Да нет, Майя-Стина, не может этого быть! Ведь вперед — быстрей, чем назад. Вперед — это ветер под крыльями, это свист юбок. Пробиваются на белый свет стебельки, протискиваются меж окровавленных бедер детские головенки. Вперед — это значит к свету, это значит, что нет ничего невозможного, как говаривал фогт. Но где она, граница между возможным и невозможным?

Увы, это нам известно. Она пролегает в каждом из нас. Это наша уверенность, которая прибывает с годами и с годами же убывает. Пробиваются стебельки, толкаются головенки — вперед, к свету, пока не начинают клониться к земле. Иссякают жизненные соки. Где она, былая гибкость? Никнут головы, никнут стебли. Увядают, сгнивают в прах, утучняют собою землю.

Иногда ты водила меня на кладбище. В желтой соломенной шляпе с коричневой тульей, в руках зеленая леечка, — настоящая Фея Подсолнечника, ты все кружила и кружила, будто никак не могла отыскать всех своих усопших. Кого ты искала? Чей след? И какой может быть след, если имя на камне стерлось, а могила сровнялась с землею. И воспоминания твои — не более чем осколки… Глаза, что смотрят в упор. Водяные брызги. Тусклый голос. Горячая как огонь рука.

Вот тут покоится Мариус. А здесь — Роза Яблоневый Цвет. Сквозь облака припекает солнце. Перед глазами у меня пляшут черные мушки, огненные мушки. Земля остановилась. Я не в силах пошевелиться. Я ничего не вижу.

Ты брызгаешь на меня из зеленой леечки. Берешь за руку, успокаиваешь. Мы собираемся домой, леечка ставится на место, за туевую изгородь, могилы забыты ради насущного, предстоящего. Что у нас на обед? А что мы будем делать потом? Расскажи мне сказку, пожалуйста!

Сказок ты знала множество. Про Госпожу Метелицу, что взбивает над землею свою перину, про Принца в медвежьей шкуре, про горного тролля, про сирых детей.

Идут они лесом, идут, и выходят к озеру, и видят замок. Заходят туда и превращаются в принцесс и принцев. Стоят в раззолоченных покоях и не могут нарадоваться,

А чему они не могут нарадоваться?

Тому, что обернулись теми, кем были прежде.

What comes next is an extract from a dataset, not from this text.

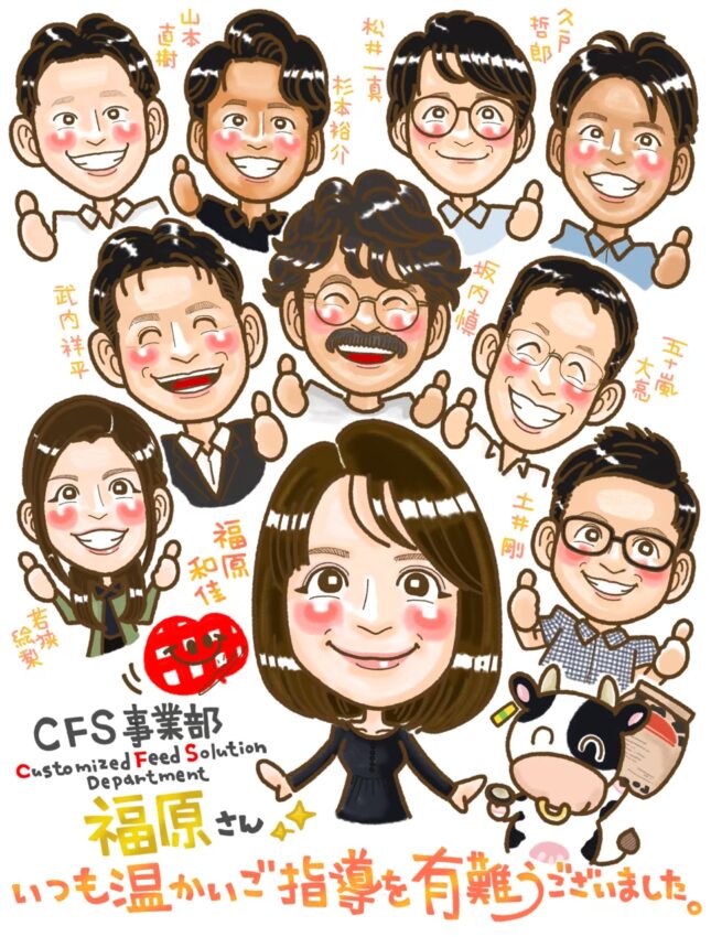 先日は、お客様からの ご提案で吹き出しつきの寄せ書き似顔絵を制作させていただきました^ ^
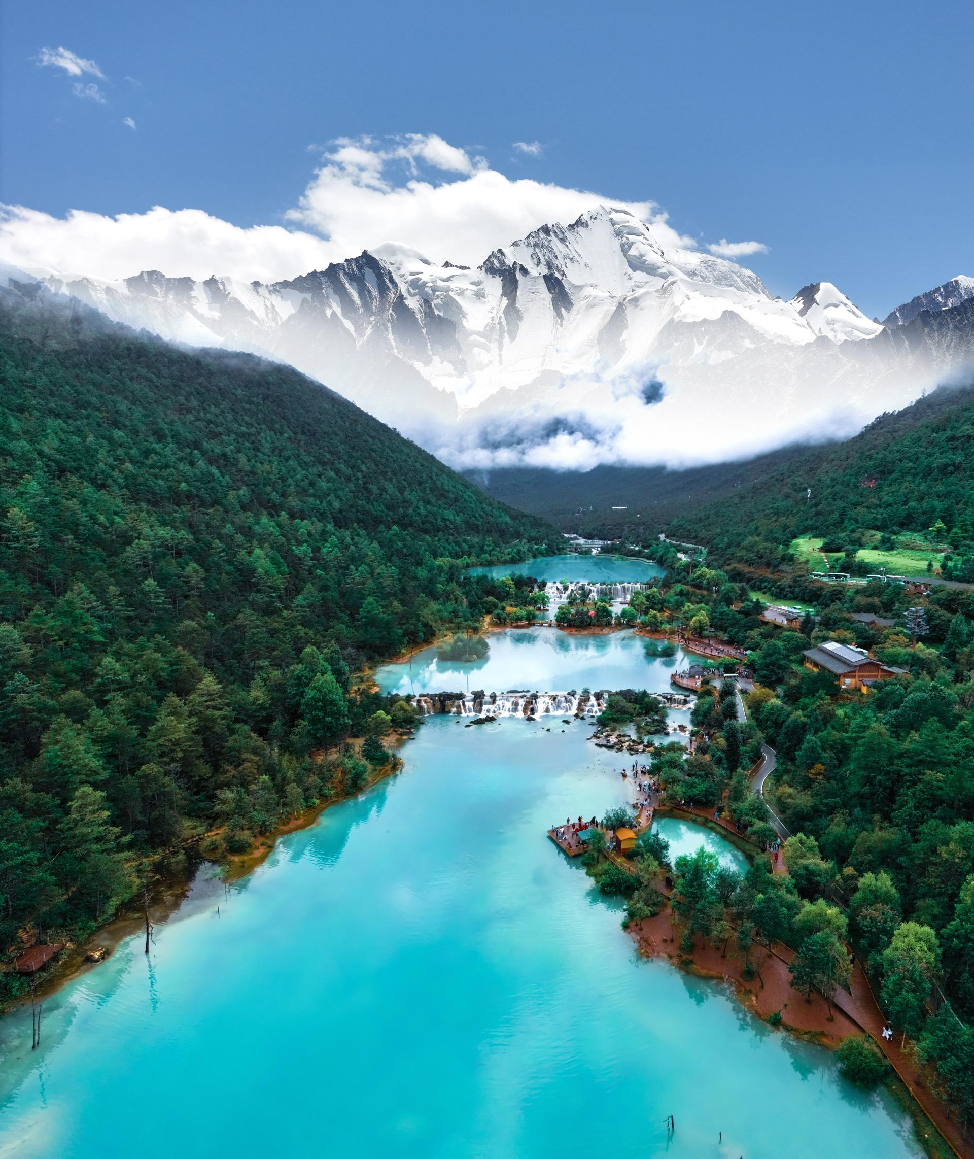 The lake displays a crystal-clear blue hue caused by mineral deposits. On sunny days, the snow-capped peaks reflect on the water to create a mesmerizing scene. Visitors can take the scenic bus to the "Shuiyue Pavilion" stop and explore on foot or by renting an electric cart; the complete tour takes about an hour.

Значит, они застыли, растянув губы в вечной улыбке. Обернулись прошлым. Но ведь для нас с тобой Сказание — это вовсе не прошлое, и ты, Майя-Стина, это прекрасно знаешь. В нашем Сказании — не ходили, а ходят, и то, что произошло, — происходит. Только как же мне переделать прошлое на настоящее там, на Острове, для которого время сказок давно уже миновало?

Не стоит принимать все это близко к сердцу и задумываться над тем, чего так и так не дано понять, — ты это хочешь сказать, Майя-Стина?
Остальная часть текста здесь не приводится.